- What to do
Please transcribe exactly the lines from the first line of the records below through the line containing "Crème Dépigmentante Eclaircissante", including both, and omit all pictures.

- Source material

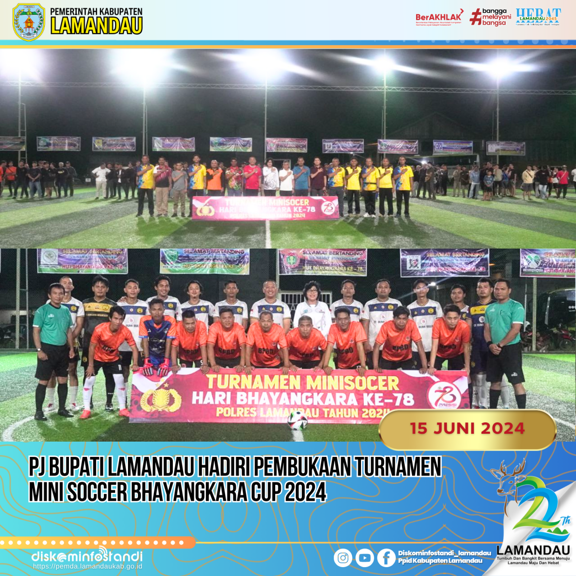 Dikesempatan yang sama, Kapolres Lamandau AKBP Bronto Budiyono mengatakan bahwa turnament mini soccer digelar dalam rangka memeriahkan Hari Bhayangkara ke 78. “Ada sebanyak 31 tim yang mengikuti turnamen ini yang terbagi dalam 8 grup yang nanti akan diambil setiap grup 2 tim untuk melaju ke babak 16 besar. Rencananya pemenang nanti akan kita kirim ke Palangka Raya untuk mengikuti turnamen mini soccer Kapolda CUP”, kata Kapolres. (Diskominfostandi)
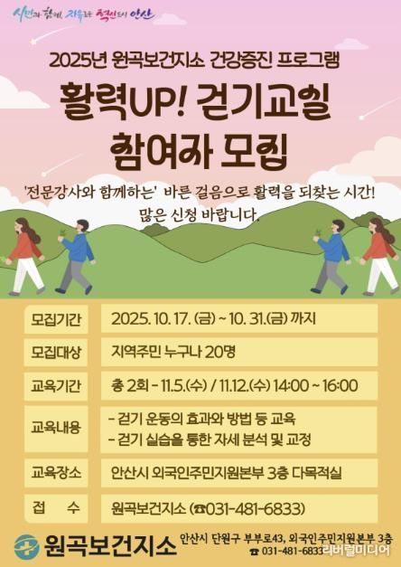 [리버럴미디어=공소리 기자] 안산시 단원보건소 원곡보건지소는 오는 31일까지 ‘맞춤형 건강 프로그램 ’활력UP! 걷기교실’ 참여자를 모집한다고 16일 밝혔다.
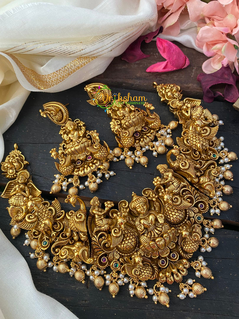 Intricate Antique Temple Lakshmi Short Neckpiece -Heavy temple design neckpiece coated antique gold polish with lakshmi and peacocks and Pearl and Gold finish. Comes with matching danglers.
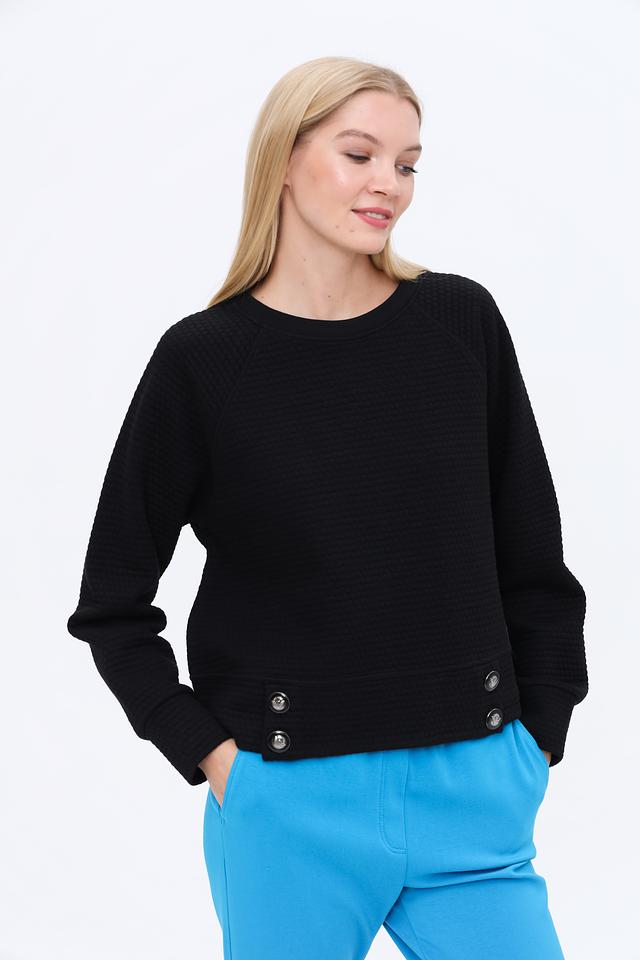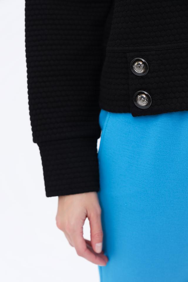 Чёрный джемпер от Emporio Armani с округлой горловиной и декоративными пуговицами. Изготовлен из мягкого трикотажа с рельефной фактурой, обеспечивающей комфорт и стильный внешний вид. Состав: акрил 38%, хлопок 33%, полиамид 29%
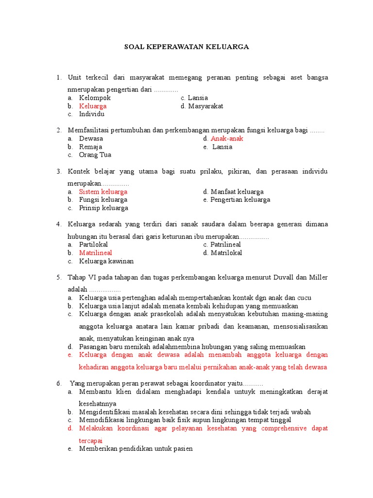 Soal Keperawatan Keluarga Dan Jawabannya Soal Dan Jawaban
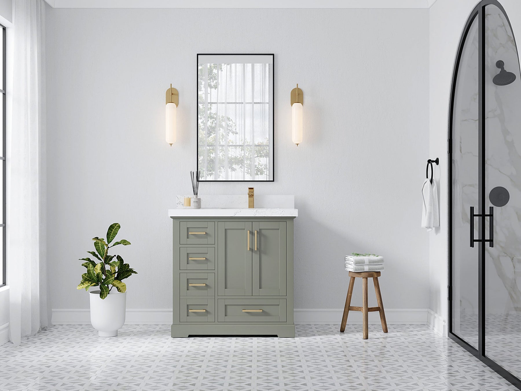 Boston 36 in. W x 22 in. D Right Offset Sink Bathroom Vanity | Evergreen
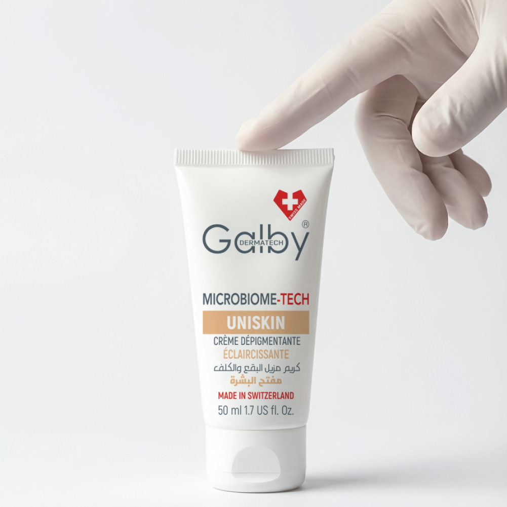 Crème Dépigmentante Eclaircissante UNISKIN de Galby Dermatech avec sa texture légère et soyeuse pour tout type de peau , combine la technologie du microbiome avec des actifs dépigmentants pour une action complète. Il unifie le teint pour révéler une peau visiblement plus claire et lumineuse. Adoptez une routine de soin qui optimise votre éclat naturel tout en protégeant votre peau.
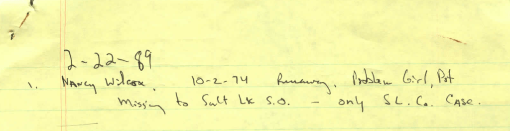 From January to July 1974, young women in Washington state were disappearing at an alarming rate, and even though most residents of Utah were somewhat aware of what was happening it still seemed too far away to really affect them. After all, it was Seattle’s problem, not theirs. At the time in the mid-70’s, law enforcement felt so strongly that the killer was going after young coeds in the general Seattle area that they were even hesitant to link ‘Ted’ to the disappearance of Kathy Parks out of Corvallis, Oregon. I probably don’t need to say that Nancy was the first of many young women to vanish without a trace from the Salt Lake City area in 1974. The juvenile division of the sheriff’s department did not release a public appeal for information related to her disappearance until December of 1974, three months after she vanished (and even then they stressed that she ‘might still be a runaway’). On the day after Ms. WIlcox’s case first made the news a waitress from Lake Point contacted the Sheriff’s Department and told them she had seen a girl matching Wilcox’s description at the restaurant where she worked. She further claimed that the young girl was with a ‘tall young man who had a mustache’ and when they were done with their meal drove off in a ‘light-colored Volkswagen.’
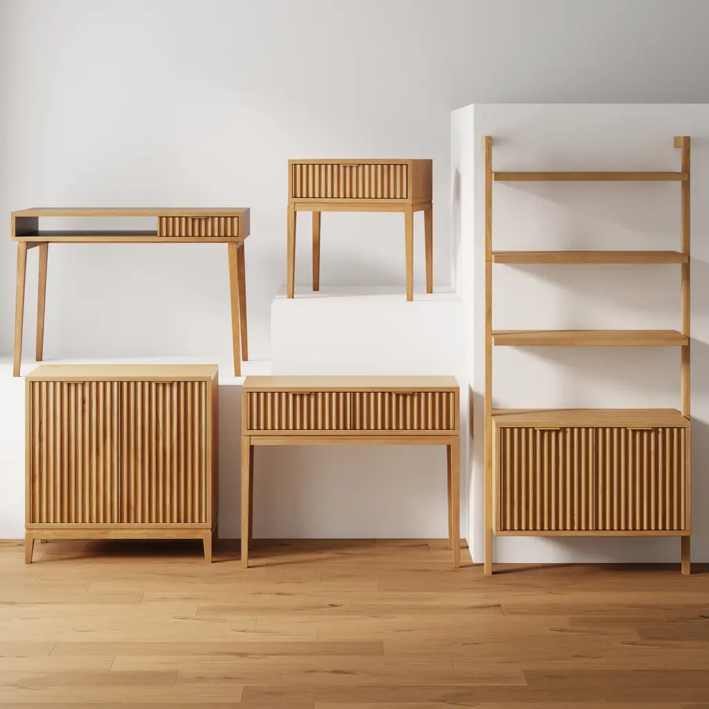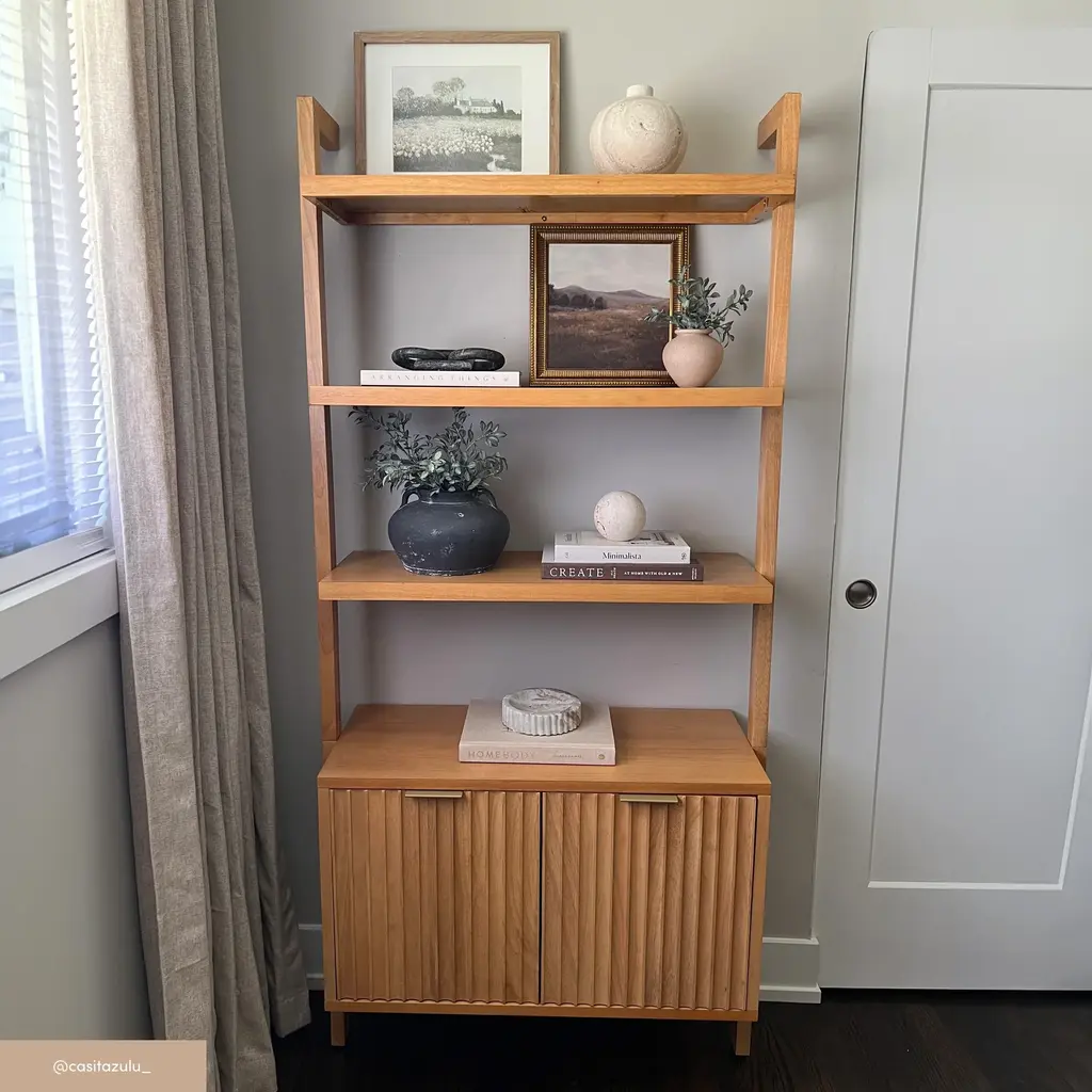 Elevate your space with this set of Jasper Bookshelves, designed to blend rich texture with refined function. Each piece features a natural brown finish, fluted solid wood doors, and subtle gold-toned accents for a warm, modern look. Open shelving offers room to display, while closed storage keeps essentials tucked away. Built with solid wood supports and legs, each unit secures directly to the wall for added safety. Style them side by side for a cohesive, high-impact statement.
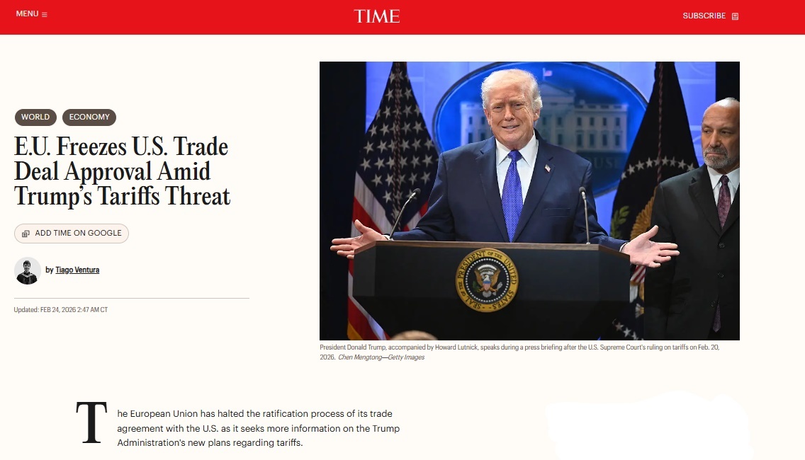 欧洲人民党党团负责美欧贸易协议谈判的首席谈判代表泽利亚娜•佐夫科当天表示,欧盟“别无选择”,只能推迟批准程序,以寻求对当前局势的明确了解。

- The answer
 Dikesempatan yang sama, Kapolres Lamandau AKBP Bronto Budiyono mengatakan bahwa turnament mini soccer digelar dalam rangka memeriahkan Hari Bhayangkara ke 78. “Ada sebanyak 31 tim yang mengikuti turnamen ini yang terbagi dalam 8 grup yang nanti akan diambil setiap grup 2 tim untuk melaju ke babak 16 besar. Rencananya pemenang nanti akan kita kirim ke Palangka Raya untuk mengikuti turnamen mini soccer Kapolda CUP”, kata Kapolres. (Diskominfostandi)
 [리버럴미디어=공소리 기자] 안산시 단원보건소 원곡보건지소는 오는 31일까지 ‘맞춤형 건강 프로그램 ’활력UP! 걷기교실’ 참여자를 모집한다고 16일 밝혔다.
 Intricate Antique Temple Lakshmi Short Neckpiece -Heavy temple design neckpiece coated antique gold polish with lakshmi and peacocks and Pearl and Gold finish. Comes with matching danglers.
 Чёрный джемпер от Emporio Armani с округлой горловиной и декоративными пуговицами. Изготовлен из мягкого трикотажа с рельефной фактурой, обеспечивающей комфорт и стильный внешний вид. Состав: акрил 38%, хлопок 33%, полиамид 29%
 Soal Keperawatan Keluarga Dan Jawabannya Soal Dan Jawaban
 Boston 36 in. W x 22 in. D Right Offset Sink Bathroom Vanity | Evergreen
 Crème Dépigmentante Eclaircissante UNISKIN de Galby Dermatech avec sa texture légère et soyeuse pour tout type de peau , combine la technologie du microbiome avec des actifs dépigmentants pour une action complète. Il unifie le teint pour révéler une peau visiblement plus claire et lumineuse. Adoptez une routine de soin qui optimise votre éclat naturel tout en protégeant votre peau.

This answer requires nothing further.